We just found out that we will be relocating because of a job transfer.
We’re thinking about renting the house instead of selling. Our new home will be about five hours away from where we live now.
Should we refinance again and get a 30-year mortgage to reduce the monthly payment and increase the profit margin? What are the questions that we need to consider to determine whether to rent or sell the property? Are lease purchases still in vogue?
A: Being a landlord means being able to keep the house rented and maintained – no small feat in today’s “ownership” society. It’s even more difficult to be a landlord when you live five hours away from the property.
If you want to do this, consider offering the property at a slight discount to the normal market rent. This should produce a greater number of prospective tenants from which you will hopefully be able to find a great tenant who will be able to take care of the property for you.
My cousins have done this successfully for the past twenty years in Oakland, California. Their home has a rental unit attached and they have consistently priced it just below the going market rent and had a handful of potential tenants line up for the privilege of renting and maintaining the property. One prospective tenant’s father offered to paint the house if my cousins would rent to his daughter.
If you’re going to refinance your property, do it now, while you’re still living in it. It’s much more expensive to refinance investment property rather than a primary residence. But you may not be able to refinance now and honestly state to the lender that this is your primary residence and you intend to keep it this way. Also, depending on the interest rate you got on your old loan, refinancing may not be the smartest thing to do – you could pay a lot more in interest.
Some people might say that having the leverage is a good thing for your finances because you’re able to invest the cash elsewhere. You’ll have to look at the whole package to see if it’s the right move for you.
And, speaking of which, do you plan on renting or buying a home in your new neighborhood? If you’re going to buy a home, will you have enough income to carry both the mortgage on your new home and the mortgage on your current residence? Will you fall within the normal debt-to-income ratios or will you need special (and more expensive) financing?
If you have the income to carry both mortgages, and if you don’t mind being a landlord, then by all means you should try to rent your property and keep it for long-term appreciation (assuming your neighborhood is going up in value).

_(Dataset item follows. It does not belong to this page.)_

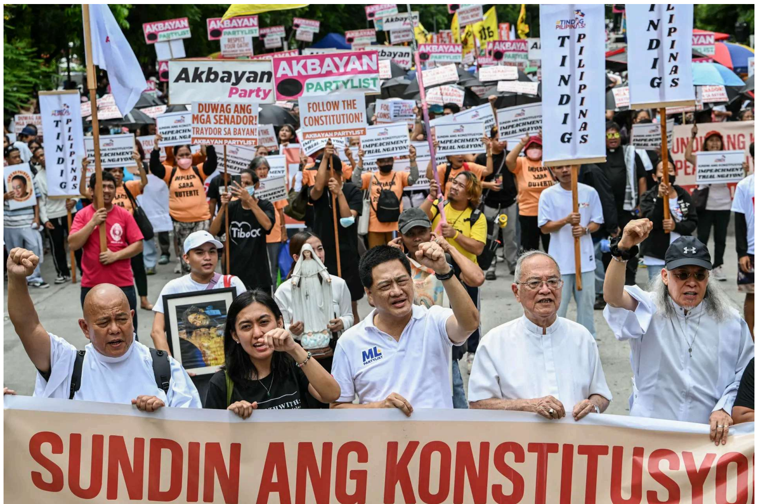
People hold placards and shout slogans as they protest following the Senate's decision on the impeachment trial of Philippine Vice President Sara Duterte, outside the Senate of the Philippines in Pasay on June 11, 2025.

If not, then consider selling your home, and — if you still like the idea of owning rental property — buy something in your new city to rent out.
Keep in mind that if you have a profit on the sale of the home now and have lived in the home for two out of the last five years, you won’t have to pay any taxes on the sale up to $500,000, if you are married, or $250,000 per individual otherwise. Once you convert the home to a rental property and then sell it, you may not be able to take this exclusion.
Finally, a lease with an option to buy is still favored by some home buyers, but not many. Most home buyers, if they can afford to get a mortgage, want to buy straight out. Again, unless you like the idea of being a far-away landlord, you’ll probably want to sell and move to your new location.
If you decide to rent your property, or do a lease/option, be sure to work with a good real estate attorney who can prepare your documents and protect you.